If you’re traveling to Mexico, own an older home, a classic car, or have precious family heirlooms, etc., you should increase your protection by looking into purchasing these lesser-known insurance policies and options.

 

1. Mexico Auto Insurance

Planning to travel south of the border? Mexico does not recognize U.S. auto insurance. If you’re driving to Mexico from the U.S. in your own car or a rental, you will need to purchase a tourist auto policy. 

    • A Mexico auto policy will allow you to cover damages if you’re involved in an accident. 
    • If you cannot show proof of Mexican insurance, you can be heavily fined and even arrested. This is true even if you are not at fault for the accident.
    • You can get coverage for the duration of your trip: a few days, a few months or longer. 

 

2. Homes Built Before 1986

Homebuilding has changed over the years. If you’re living in a home built before 1986, it’s likely your house has outdated materials or old-fashioned types of construction. You can get a policy option that helps bring your house up to date if it is damaged.

    • With this type of policy, in the event of a loss, your insurance covers repairs and/or replacement of outdated materials and construction methods.
    • As a result, losses will cost less to settle.  
    • Those repairs and updates will reduce the coverage amount that you need to protect your home.
    • This will ensure you have enough insurance to rebuild.

 

3. Special Computer Coverage

With everyone working remotely this past year, computers have become our lifeline. Consider a special computer coverage option to ensure you are covered for all of your devices: desktop computers, laptops, tablets, and smartphones. While homeowner policies typically cover possessions, special computer coverage offers more coverage. 

    • If you accidentally spill a glass of water on your computer, and your computer is damaged as a result, it would be covered. 
    • With this coverage, you will receive more money for your devices if they are damaged than with traditional homeowner’s.

 

4. Scheduled Personal Property Coverage (Rider)

Personal Property, also referred to as “contents coverage,” is the term insurance companies use to collectively define the things you own inside your home. Scheduled Personal Property (SPP) Coverage is for items that have higher values above your personal property coverage limits. This includes:

    • Heirlooms
    • Watches
    • Jewelry
    • Instruments
    • Furs

SPP offers much broader coverage for your precious items – if you misplace a set of earrings, they are covered; if a diamond falls out of a ring, or a guitar neck breaks, they’re covered. There is no deductible if the covered items are stolen, lost, or damaged. SPP provides a replacement for the actual appraised value of the item.

 

5. Classic Car Coverage

Spending time and money on your classic car? Don’t let it go to waste. Make sure it’s protected with classic car insurance coverage. With this coverage, you will pay less than standard auto insurance coverage and you can determine the value, the deductible, and the policy options that work best for you including towing and coverage for lost or stolen parts. There are mileage plans that cover everything from cruising on the weekends to driving to attend auto shows. 
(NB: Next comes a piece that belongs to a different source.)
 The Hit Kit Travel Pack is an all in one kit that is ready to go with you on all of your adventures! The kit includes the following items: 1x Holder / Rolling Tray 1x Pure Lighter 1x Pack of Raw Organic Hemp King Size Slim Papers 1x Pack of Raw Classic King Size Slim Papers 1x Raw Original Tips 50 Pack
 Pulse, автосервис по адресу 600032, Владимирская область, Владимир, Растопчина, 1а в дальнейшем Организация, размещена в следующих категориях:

    • Classic Car Coverage is for all types of collectibles – collector trucks, classic and custom motorcycles, kit cars, fire engines, military vehicles, and more.

 

6. Refrigerated Property Coverage

When there is a power outage, the food in your refrigerator could spoil. A standard homeowner’s policy may cover the costs of replacing some of the food. A refrigerated property policy provides additional coverage.
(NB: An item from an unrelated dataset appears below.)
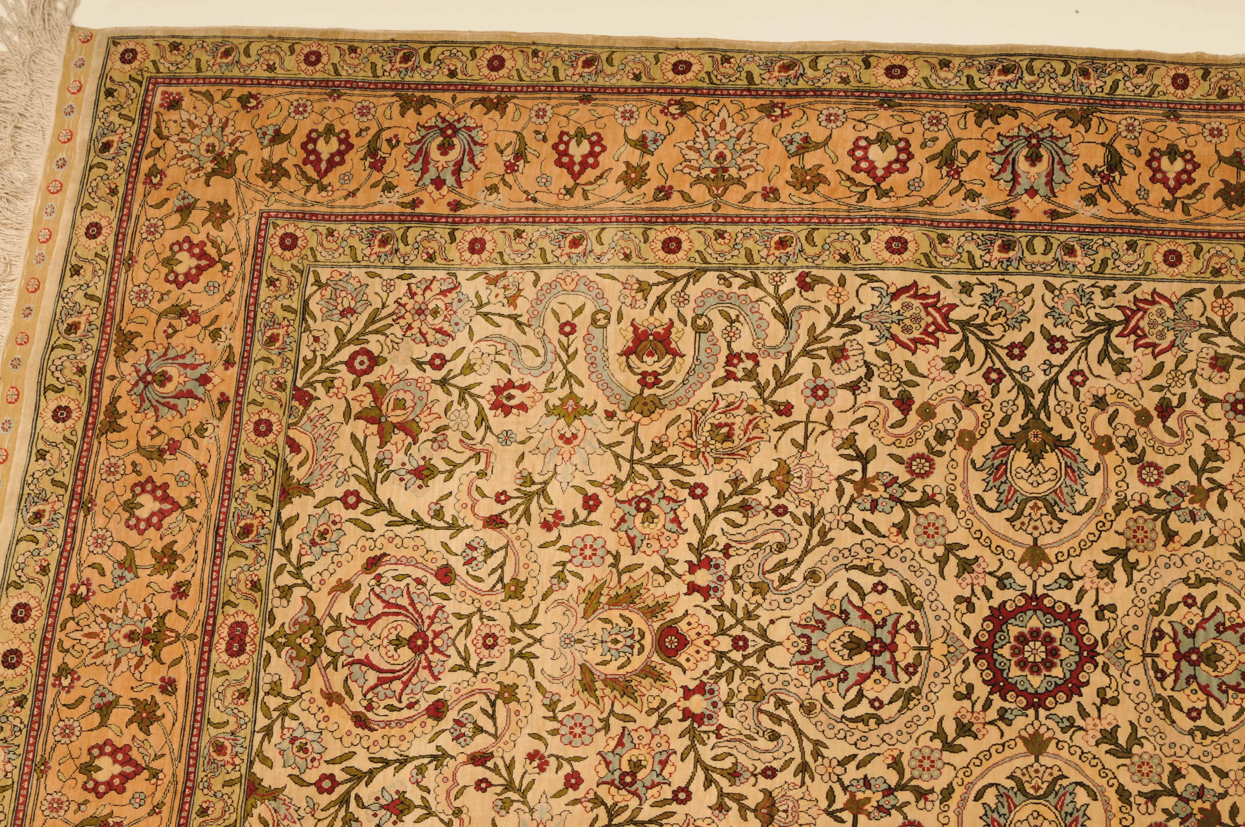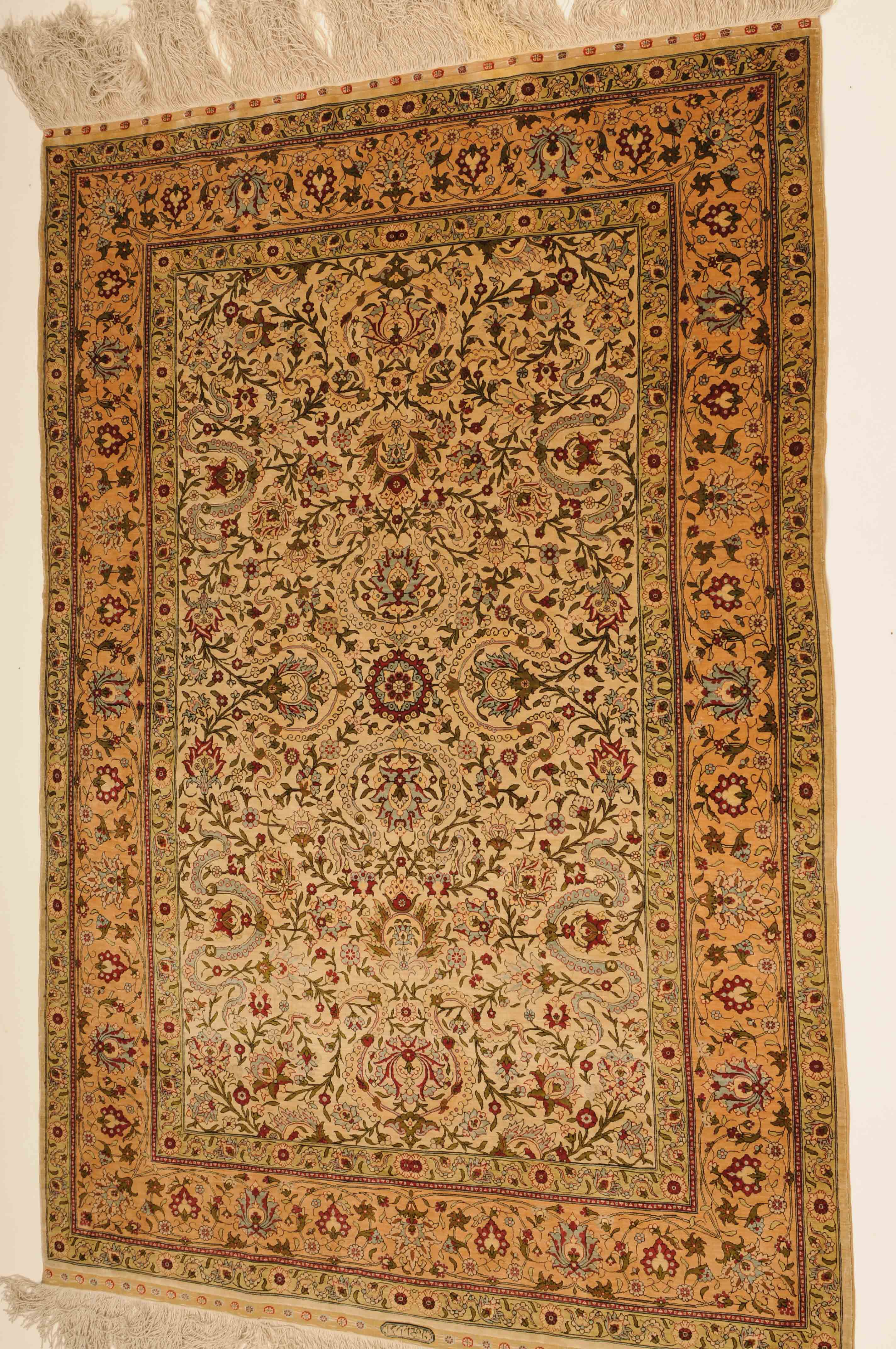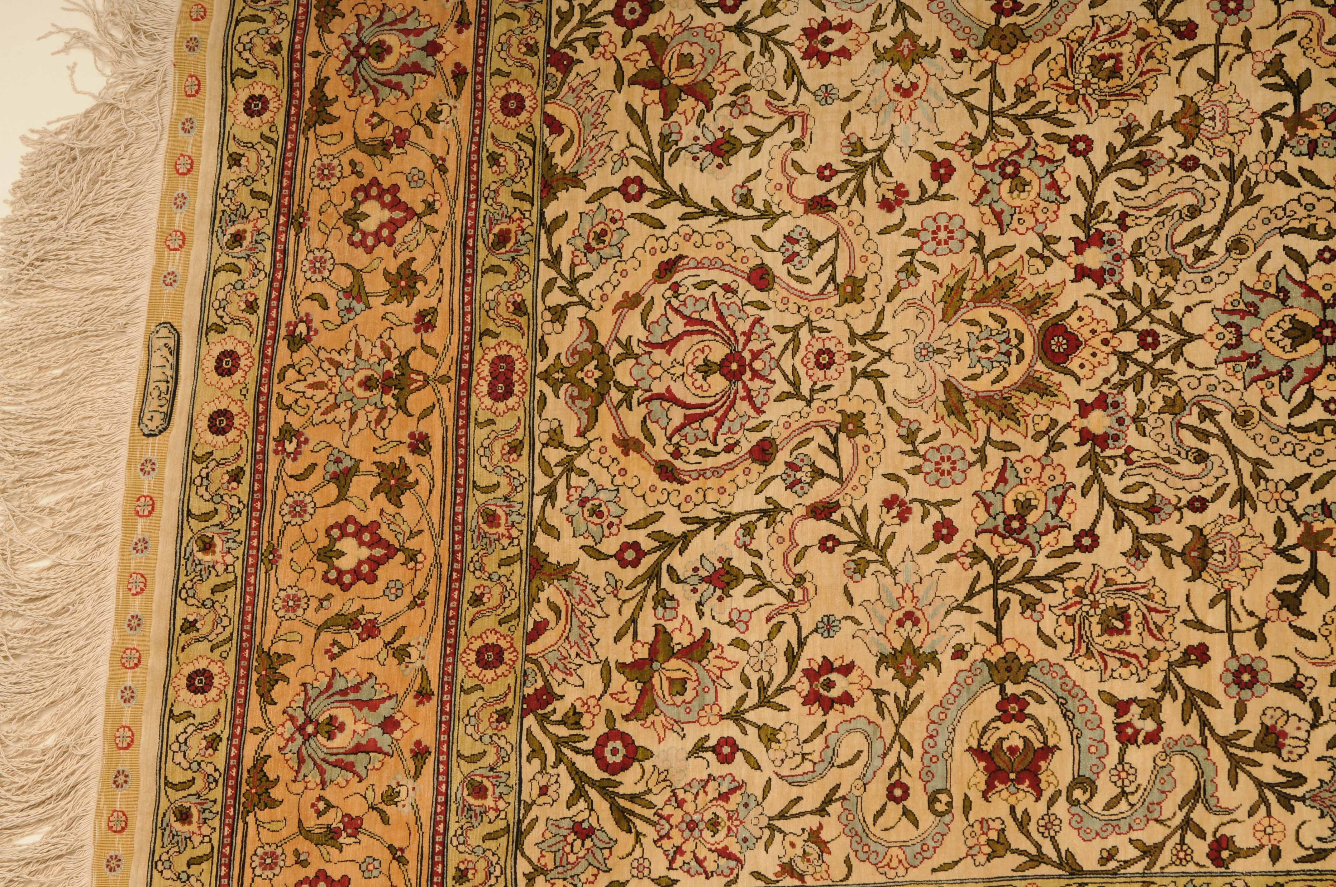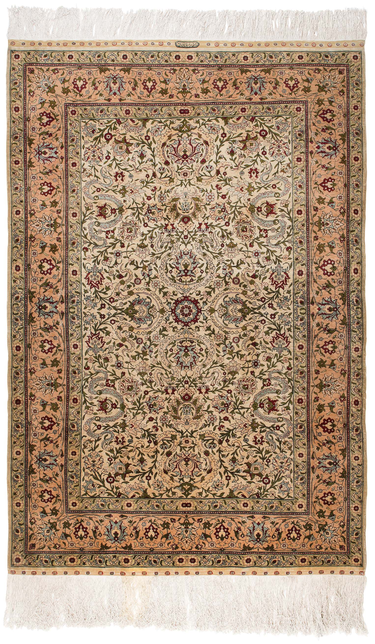 N-Türkei, um 1970. Sehr feine Knüpfung. Oben in der Mitte signiert mit "Hereke Ozbek Hereke". Dichtes florales Werk. Im hellen Mittelfeld figurieren flächendeckend filigran gearbeitete Blüten, Ranken, Palmetten und Wolkenbänder. Rosarote florale Hauptbordüre, die von 2 gelben Nebenbordüren und Borten begleitet wird. Sehr gute Erhaltung. 110x157 cm (ft. 3.6x5.2).

  • A refrigerated property policy adds up to $500 of coverage for property, such as meat that spoils because of a power outage or equipment failure.

 

7. Other Members of Your Household Coverage

Do you have someone living with you who is not a relative, guest, or tenant? You may consider this policy for other members of your household. 

    • If a boyfriend moves in, and he’s not on the lease, it may make sense to add this coverage.
    • This policy adds personal property, liability, and additional living expense coverage for that person.

 

8. Pet Insurance

Our pets are like family and we want to keep them as healthy as possible. Pet insurance can help to offset those veterinary expenses.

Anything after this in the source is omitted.